LONDON (May. 28)
The desecration of one of the oldest Jewish cemeteries in Poland has been confirmed by the Institute of Jewish Affairs here.
The vandalization of gravestones at the cemetery in Lublin occurred in the context of an intensified anti-Semitic expression attributed to the growth of democracy and the removal of constraints on free speech in the formerly authoritarian Polish Communist society.
The desecration was reported in a letter published May 15 in the liberal Polish newspaper Gazeta Wyborcza.
The writer, Dr. Simha Wajs, chairman of the Society for the Protection of Relies of Jewish Culture in Lublin, reported that 11 of 54 headstones in the 16th-century Jewish cemetery there were either smashed or upended.
One of the damaged stones marked the grave of Rabbi Shlomo Luria, an eminent 16th-century Talmudist and author known as the Maharshal. He died in 1573.
According to Dr. Howard Spier, an expert on Eastern European affairs at the institute, “the advent of democracy in Poland has opened up opportunities for extremist nationalist organizations, and chauvinistic and anti-Semitic phenomena — never absent in Poland — have resurfaced and intensified.”
Spier cited as examples buildings connected with Jewish religion and culture in many Polish cities, which “have been daubed with anti-Jewish slogans.”

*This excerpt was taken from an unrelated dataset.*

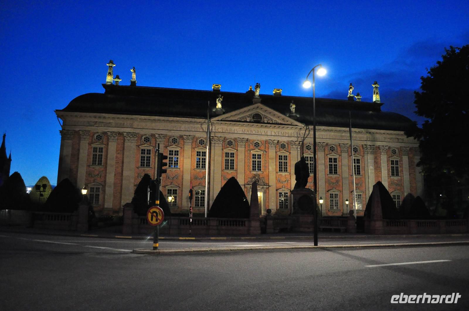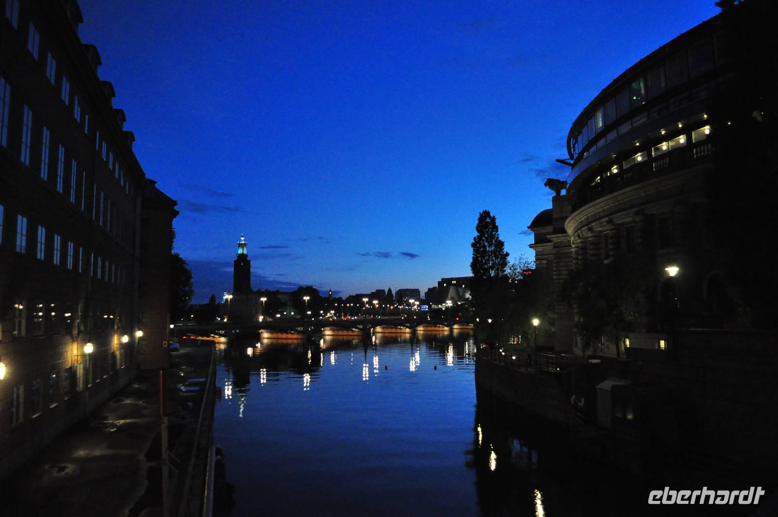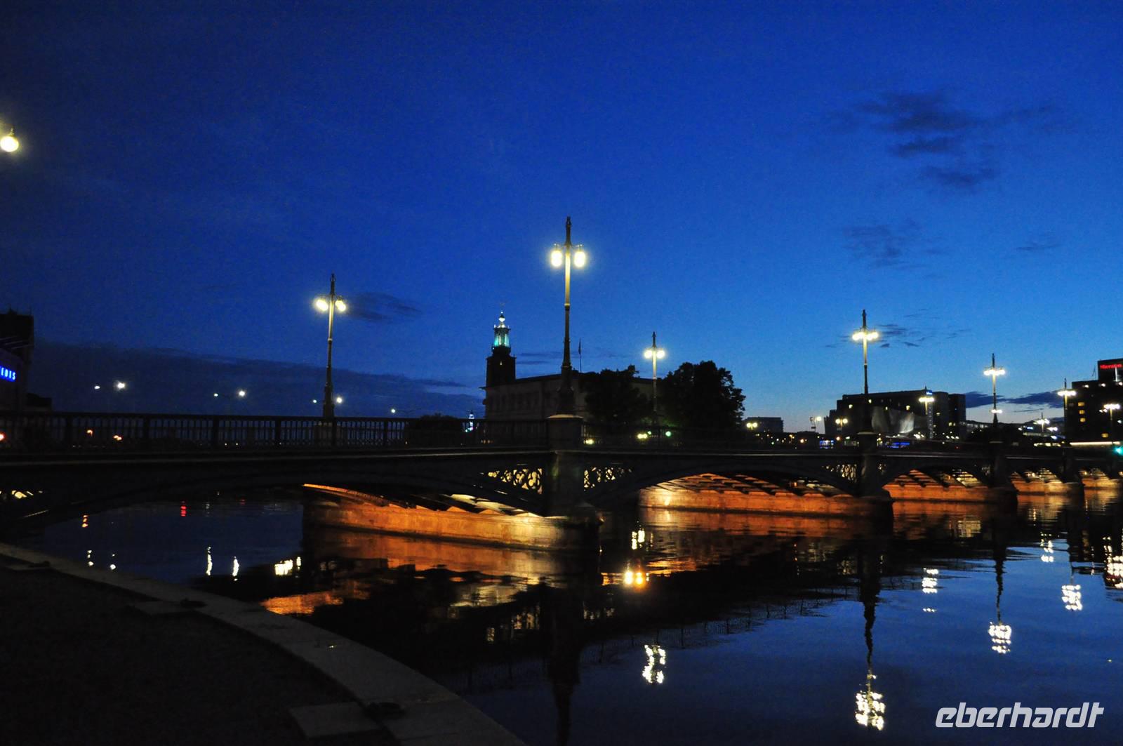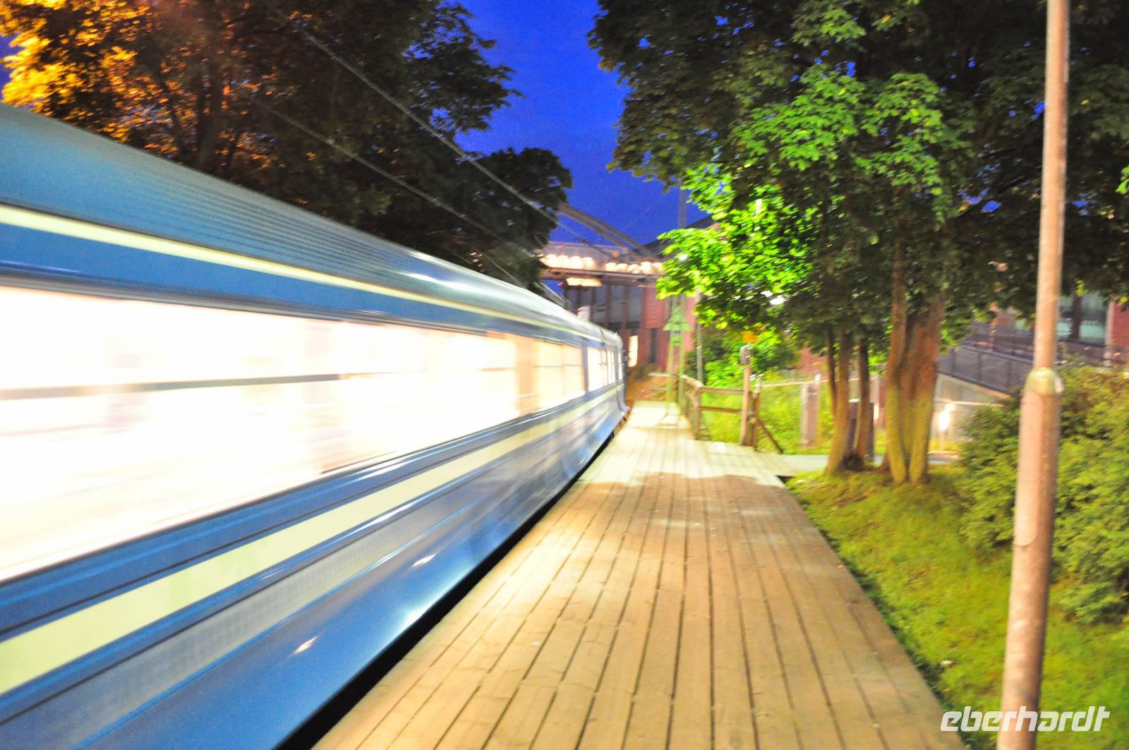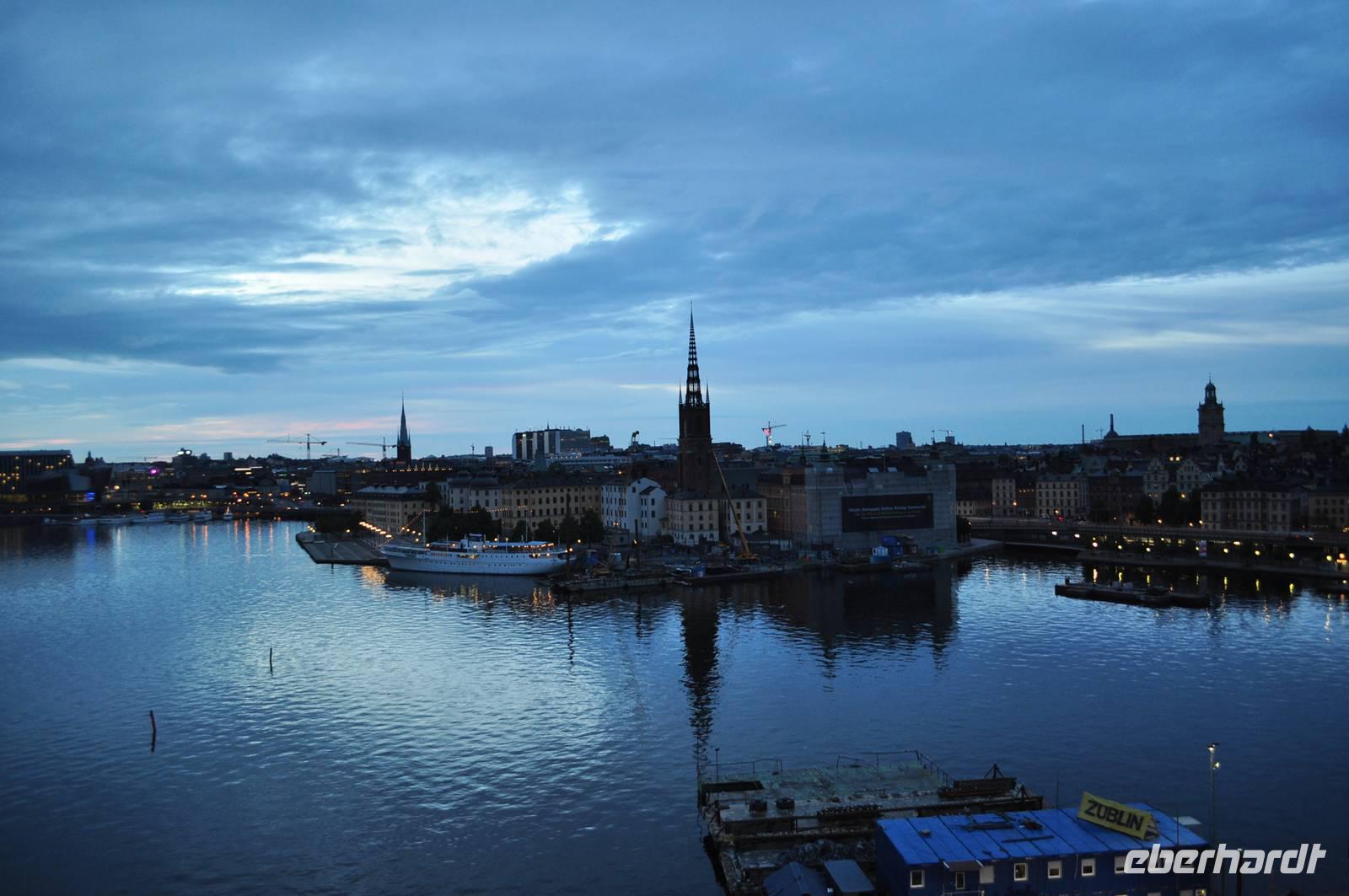 Für interessierte Gäste biete ich einen Abendspaziergang durch Gamla Stan an. Nur ca. 5 Minuten entfernt liegt der S-Bahnhof der mit einer regelmäßigen Verbindung eine Fahrt in die Altstadt erlaubt. Stockholm im Sommer erzeugt durchaus Erinnerungen an mediterrane Fischerstädtchen. Mildes Klima, laue und natürlich weiße Sommernächte. Es ist geradezu idyllisch und nach dazu leer, keine großen Touristengruppen. Nach Mitternacht erreichen wir mit der Bahn unser Hotel.

He noted the open circulation in Warsaw and elsewhere of publications slandering Jews and the distribution of “anonymous leaflets inciting to violence” against Jews.
Anti-Semitism was widespread in the campaign for the local elections held Sunday. Of the approximately 100 political parties that ran candidates, the literature put out by about 20 percent of them contained chauvinistic and anti-Semitic elements, according to the institute.